-------- Provided data
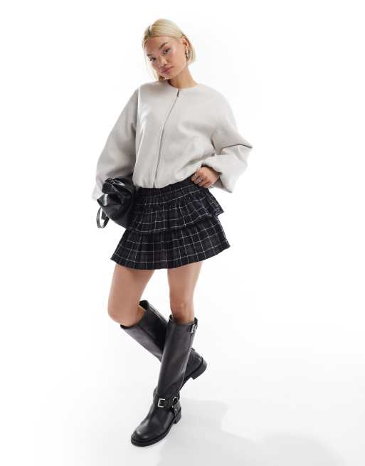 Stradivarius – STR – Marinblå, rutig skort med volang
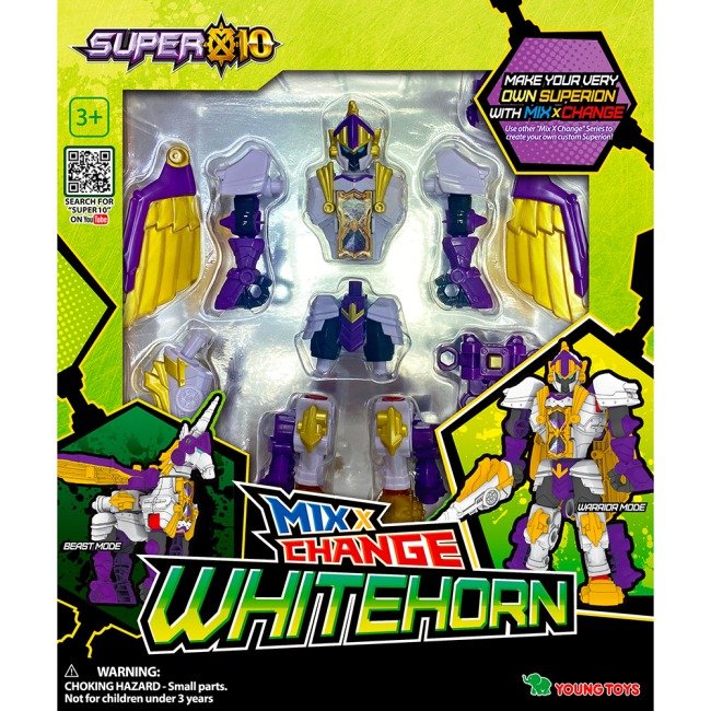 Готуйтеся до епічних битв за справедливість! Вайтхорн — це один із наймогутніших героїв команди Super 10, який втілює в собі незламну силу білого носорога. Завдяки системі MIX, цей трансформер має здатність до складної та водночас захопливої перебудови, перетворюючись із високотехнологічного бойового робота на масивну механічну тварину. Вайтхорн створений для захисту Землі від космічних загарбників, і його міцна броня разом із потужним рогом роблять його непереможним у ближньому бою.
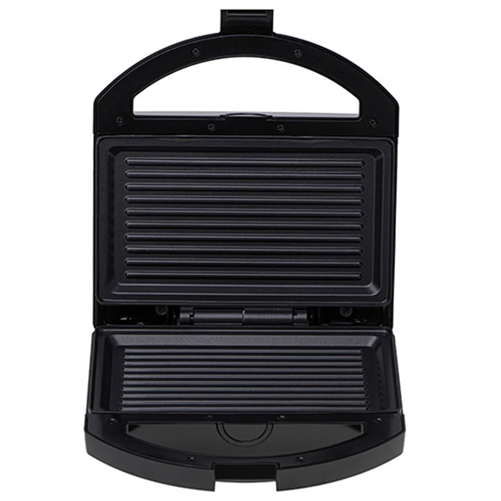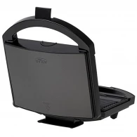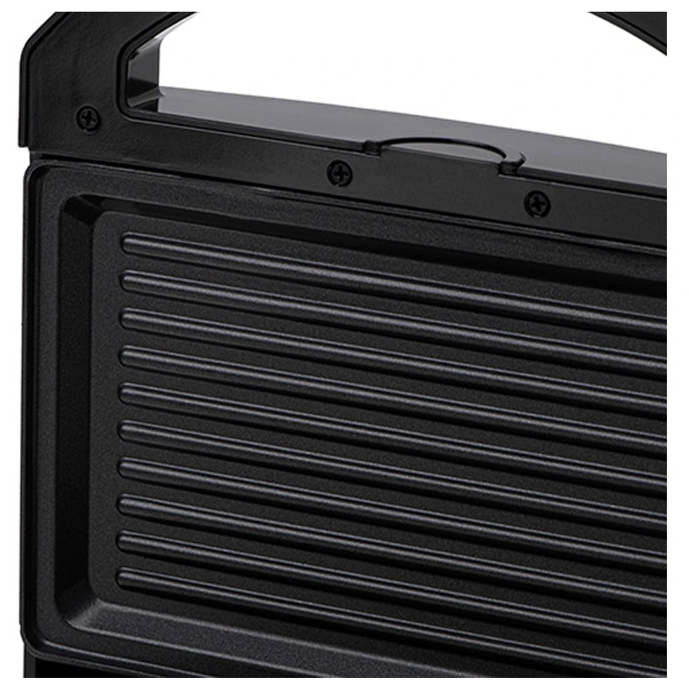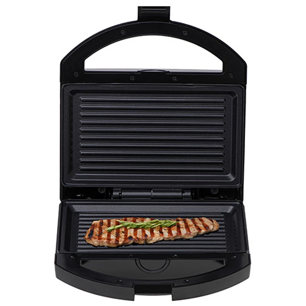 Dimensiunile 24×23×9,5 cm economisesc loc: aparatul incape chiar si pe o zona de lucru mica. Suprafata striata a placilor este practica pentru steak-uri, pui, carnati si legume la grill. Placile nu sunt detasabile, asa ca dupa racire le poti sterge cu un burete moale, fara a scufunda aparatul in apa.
----------------
◆ **Work item**: In the copy, include no pictures; restate the listing above exactly.

◆ **Final answer**:
 Stradivarius – STR – Marinblå, rutig skort med volang
 Готуйтеся до епічних битв за справедливість! Вайтхорн — це один із наймогутніших героїв команди Super 10, який втілює в собі незламну силу білого носорога. Завдяки системі MIX, цей трансформер має здатність до складної та водночас захопливої перебудови, перетворюючись із високотехнологічного бойового робота на масивну механічну тварину. Вайтхорн створений для захисту Землі від космічних загарбників, і його міцна броня разом із потужним рогом роблять його непереможним у ближньому бою.
 Dimensiunile 24×23×9,5 cm economisesc loc: aparatul incape chiar si pe o zona de lucru mica. Suprafata striata a placilor este practica pentru steak-uri, pui, carnati si legume la grill. Placile nu sunt detasabile, asa ca dupa racire le poti sterge cu un burete moale, fara a scufunda aparatul in apa.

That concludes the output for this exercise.